William James: 5 Arten von Konfliktlösungen
William James, einer der grossen amerikanischen Psychologen vor der Jahrhundertwende, hat fünf Arten unterschieden, wie Konflikte gelöst werden können (1890):
1. Bei der vernünftigen Lösung wird versucht, alle Gründe, die für oder gegen die einzelnen Handlungsalternativen sprechen, allmählich zu klären, bis endlich eine Alternative ein Übergewicht erhält. Dafür sind einerseits Informationen zu beschaffen, anderseits ist die Beachtung von Handlungsprinzipien, Geboten oder Verboten hilfreich (heute: normative Konfliktlösung). Technisches Hilfsmittel ist die bereits von Benjamin Franklin praktizierte Methode, auf dem Papier in zwei Kolonnen die Vorteile und Nachteile für jede Alternative aufzuschreiben.
2. Ist eine befriedigende Klärung durch Überlegung nicht zu erreichen, kann die Entscheidung auf zwei Arten forciert werden: a) ein zufälliges Umweltereignis wird als Anlass genommen, die "Unentschiedenheit" zu beenden, b) ein energisches "Schluss jetzt!" soll die Entscheidung herbeiführen. "Explosivhandlungen" oder "Kurzschlussreaktionen" kann man auch hierher rechnen; erstere bestehen meist in aggressiven Entladungen, letztere in blindem Davonlaufen. Länger anhaltende Formen des "Aus-dem-Felde-Gehens" (heute: Evasion) sind Ortswechsel, Ausweichen auf andere Gebiete oder Flucht in Süchte oder Tagträume.

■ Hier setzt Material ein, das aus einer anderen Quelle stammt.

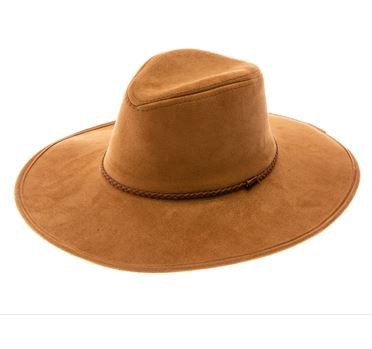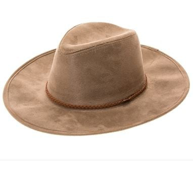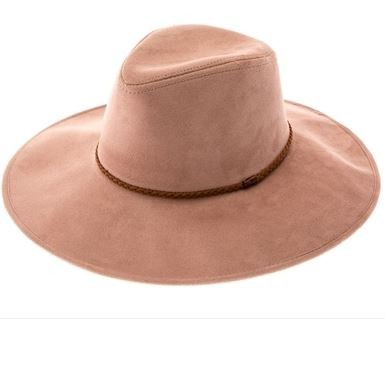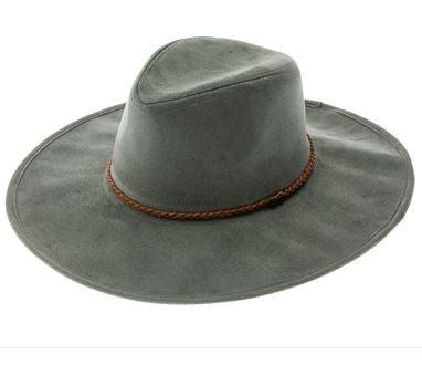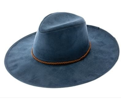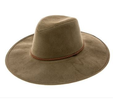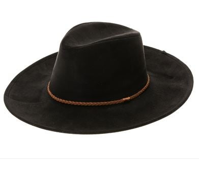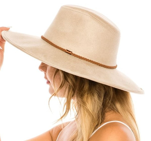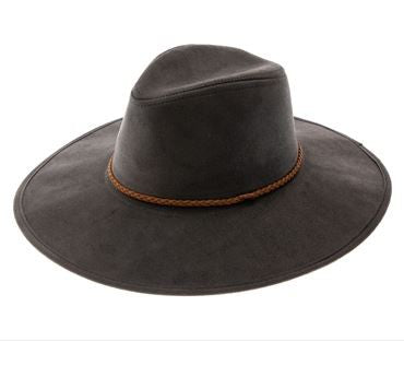 Faux suede wide brim panama hat with braided band and stiff brim.
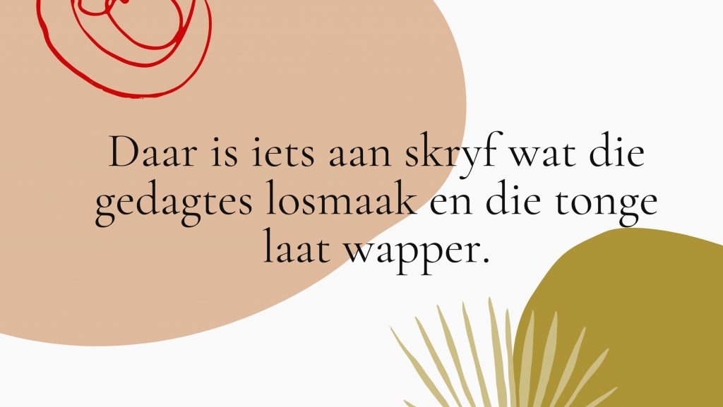 Daar is iets aan skryf wat die gedagtes losmaak en die tonge laat wapper.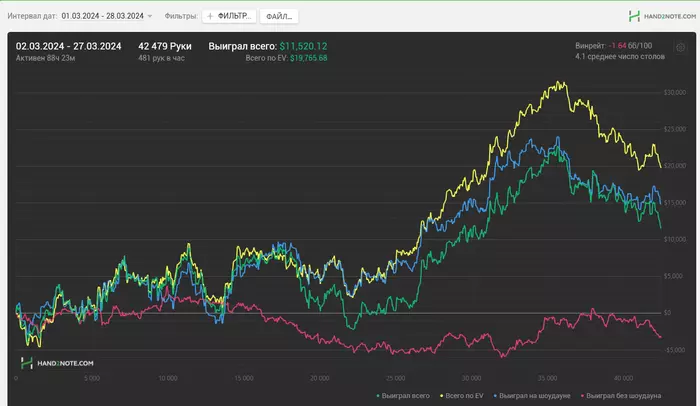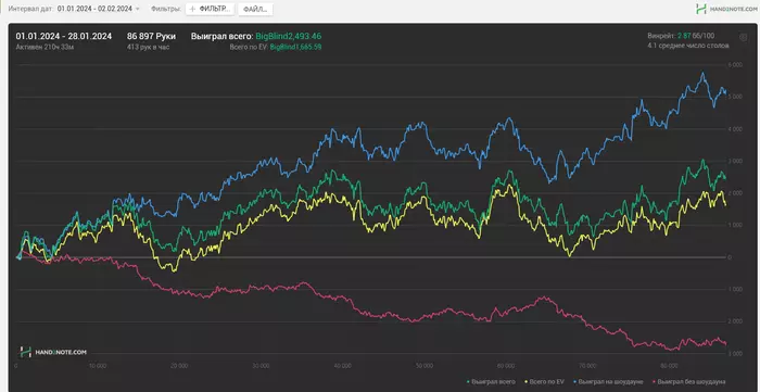 На графике видно что полетела красная, у меня всегда она была около нуля или немного ниже. Все потому что нет концентрации на всех столах и куча мелких спотов сыграно на отъебись ,не продумав все линии и раздачу в целом.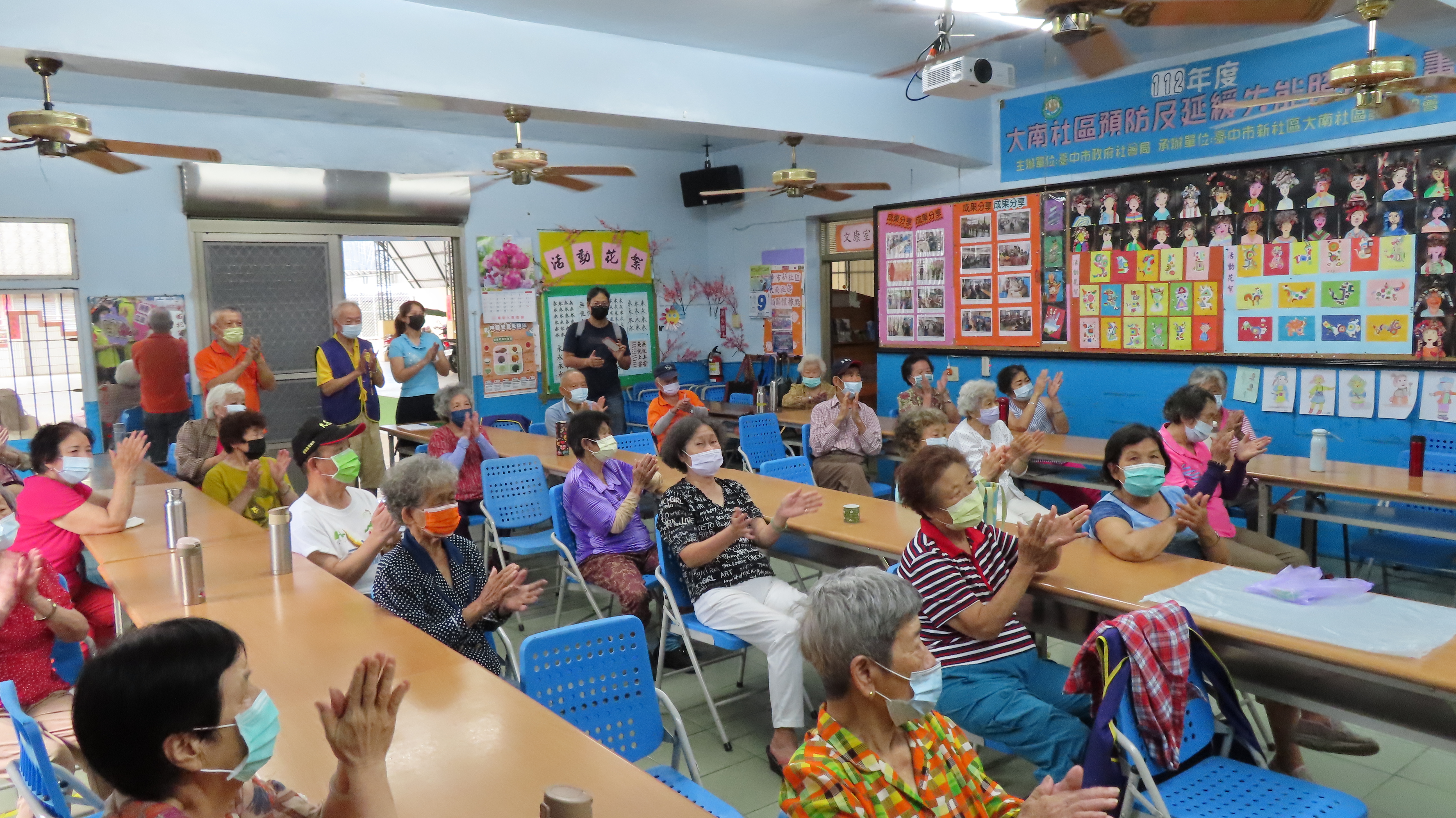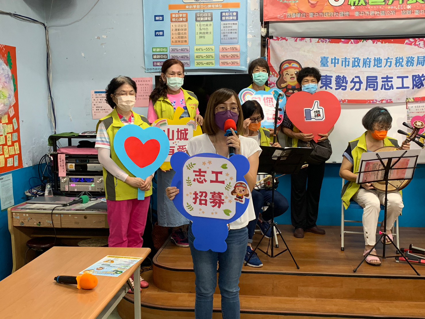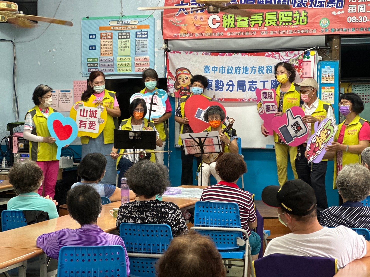 東勢志工隊在大南社區夥伴以月琴及二胡合奏「快樂的出帆↓、「茉莉花」2首曲目,引道大家一同合唱,以音樂療癒長者!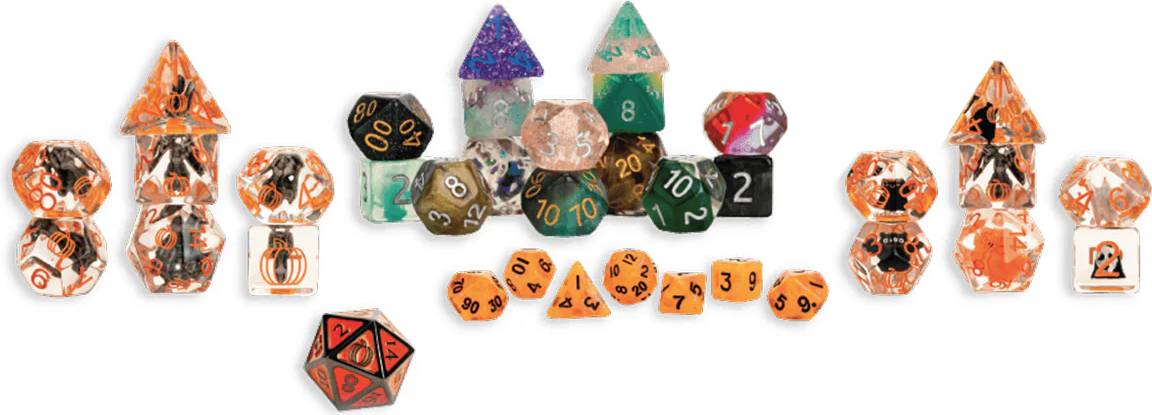 This huge set shaped like a coffin is perfect for display and comes with FOUR full sets of dice! Each calendar includes a mini dice set, two exclusive resin sets, two assorted resin sets, a Halloween-themed dice bag, and a metal d20 for the final day!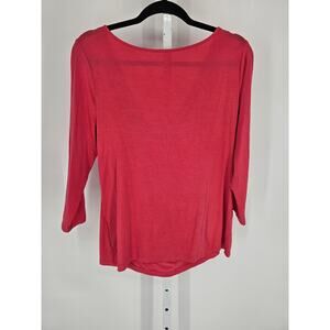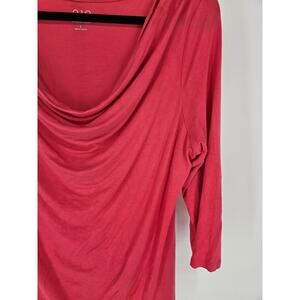 212 Collection Womens Sz L 3/4 Sleeve Draped Neck Blouse Dark Salmon Pink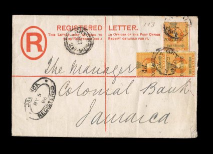321 c S.G. #41 imageS.G. #41, 1888 "4d/Postage" provisional surcharge, 4mm spacing, on 2/- Orange revenue, a pair and single tied to 2p Gray registry envelope (H&G #C1a; 152x96mm) to the Colonial Bank in Jamaica by "Grenada/AP 28/88" c.d.s. with additional strike at left, double oval registry receiving handstamp on the front, stamps with usual fine centering and minor wrinkles to cover, still a very fine commercial triple rate usage; clear 1975 BPA certificate (Scott #32). (Image) Est. 500-750
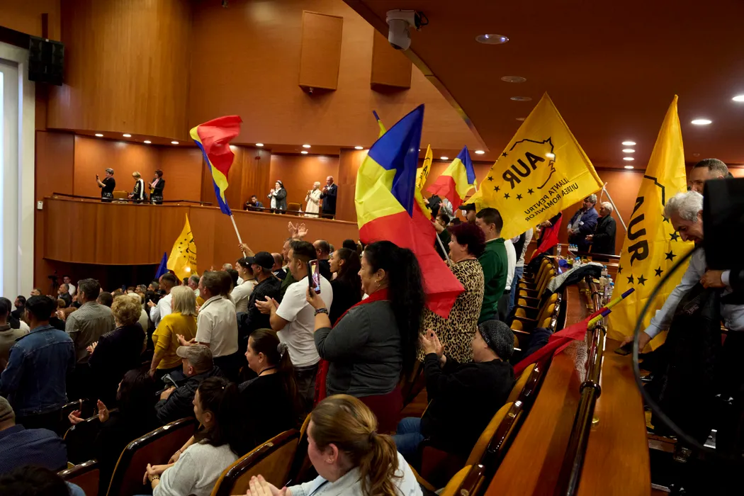 Filiala judeţeană AUR Călăraşi şi-a ales liderul pe întuneric. De pe scenă, George Simion i-a acuzat pe „mafioţii locali” de sabotaj. Până la urmă, au luminat sala cu lanternele de la telefon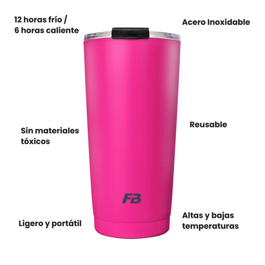 Vaso Térmico 20 oz / 591 ml - Rosa Neón - Acero Inoxidable
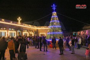 بمناسبة قرب حلول أعياد الميلاد ورأس السنة الجديدة شهدت الساحة الرئيسية في بلدة كفربهم بريف حماة وساحة كنيسة مار إلياس في مدينة إزرع بريف درعا الشمالي الشرقي مساء اليوم إضاءة شجرتي ميلاد بحضور فعاليات أهلية واجتماعية ودينية.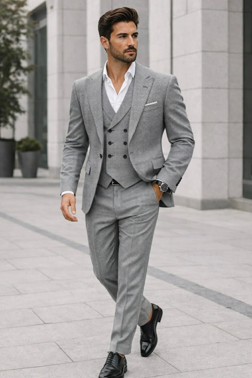 Dizajni slim fit krijon një siluetë të strukturuar dhe të rregullt, ndërsa jeleku dopio-kopsa shton një shtresë luksi dhe formaliteti. Modeli i imët në material i jep kostumit karakter dhe thellësi vizuale, duke e bërë më interesant se një kostum klasik i thjeshtë. Ngjyra gri e balancuar e bën të lehtë për t’u kombinuar me aksesorë të ndryshëm, duke ruajtur gjithmonë një pamje elegante.

3. Die Gesinnungs- oder Charakteränderung erfordert eine innere Umorientierung. "Der Charakter erhebt sich abrupt auf einen anderen Stand, und die Überlegung kommt dadurch zu einem unmittelbaren Ende." Hans Thomae (1960/74) spricht von einer Neuorientierung, welche die "Herstellung einer neuen Einheit zwischen Persönlichkeit und Umwelt" bedeutet.
4. Während bei all diesen Lösungsarten im Laufe der Klärung oder beim abrupten Entschluss die andern Handlungsalternativen aus dem Gesichtsfeld verschwinden, bleiben sie beim letzten Lösungstyp bis zuletzt bestehen. Der Konflikt muss also durch einen echten Verzicht zugunsten einer Möglichkeit beendet werden. Hans Thomae (1960) hat dies als "wagende" Entscheidungsform charakterisiert, denn es muss ja "schliesslich irgendeine der Handlungen gewagt werden, damit es überhaupt weiter geht".